Next, set the Labels to be used in the Notification policy. In the current Lagoon 3 / Grafana Alerting screen, Labels are set in the [Custom Labels] section under [Notifications].

  1. Scroll down to the [Notifications] section.
  2. Enter notify_every_eval in [Labels] under [Custom Labels].
  3. Enter true as the value.
  4. Review the contents of the Alert rule and click [Save].

Screen to set notify_every_eval=true in Alert rule Custom Labels

notify_every_eval=true serves as a marker to route alerts that you want to re-notify upon every evaluation to the Notification policy. The Label itself does not send notifications.

Step 5: Create a Notification policy for re-notification upon every evaluation

Finally, create a Notification policy that links the Alert rule Label with the Email Contact point. Here, add a policy under Specific routing rather than using the Root policy. If [New policy] or editing operations are not displayed on the screen, please check the roles of your Lagoon user as you did with the Contact point.

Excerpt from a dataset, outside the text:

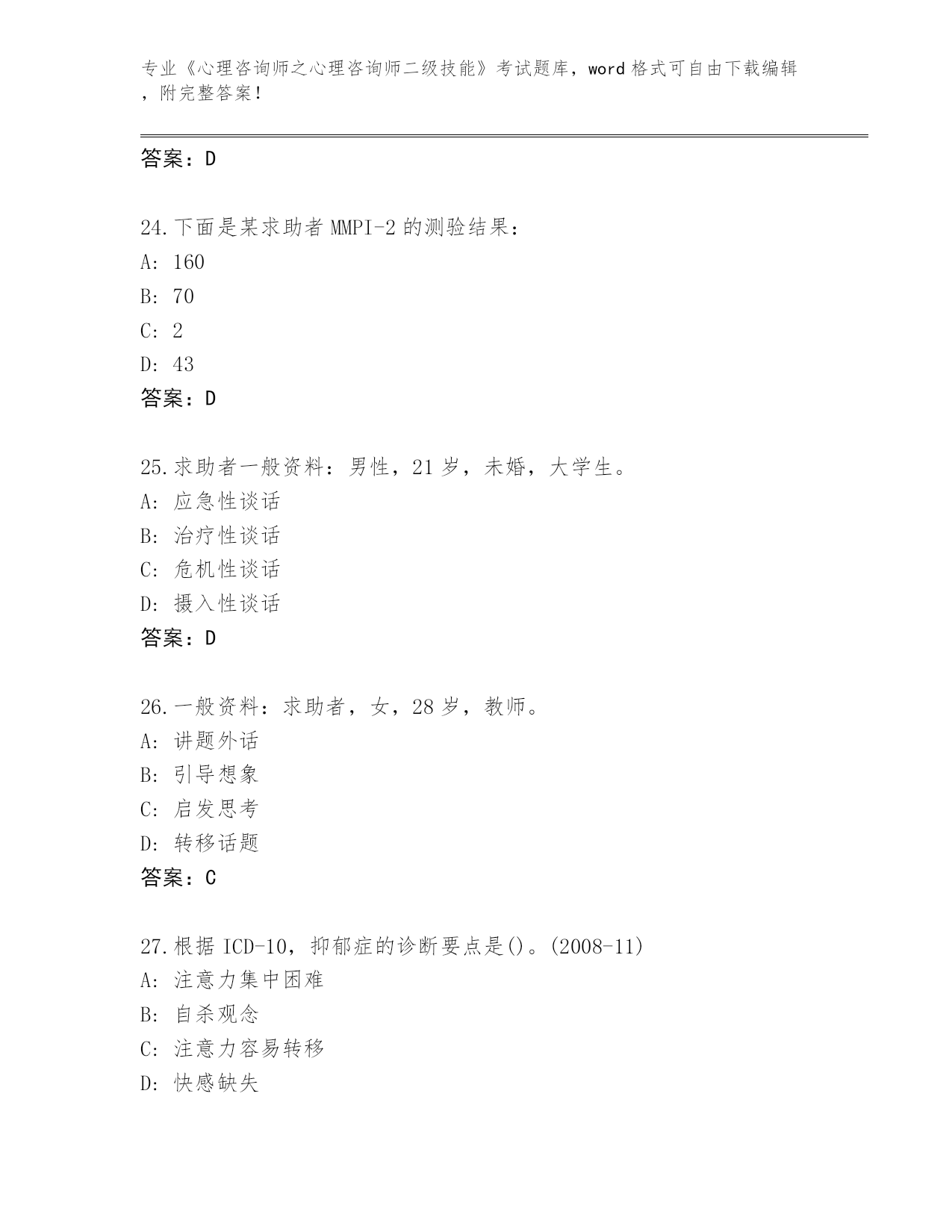 2024河北省深泽县《心理咨询师之心理咨询师二级技能》考试完整版A4版打印

  1. Open [Alerting] from the left menu.
  2. Click [Notification policies].
  3. Click [New policy].
  4. Click [Add matcher] under [Matching labels].
  5. Enter notify_every_eval in [Label].
  6. Select = for [Operator].
  7. Enter true in [Value].
  8. Select Mail-repeat-5m (created in Step 1) in [Contact point].
  9. Unless there is a clear reason to evaluate other sibling policies, keep [Continue matching subsequent sibling nodes] turned off.

In the following screenshot, the existing dummy_email_will_not_send is selected for screen reproduction. In actual operation, please select the Email Contact point you created in Step 1.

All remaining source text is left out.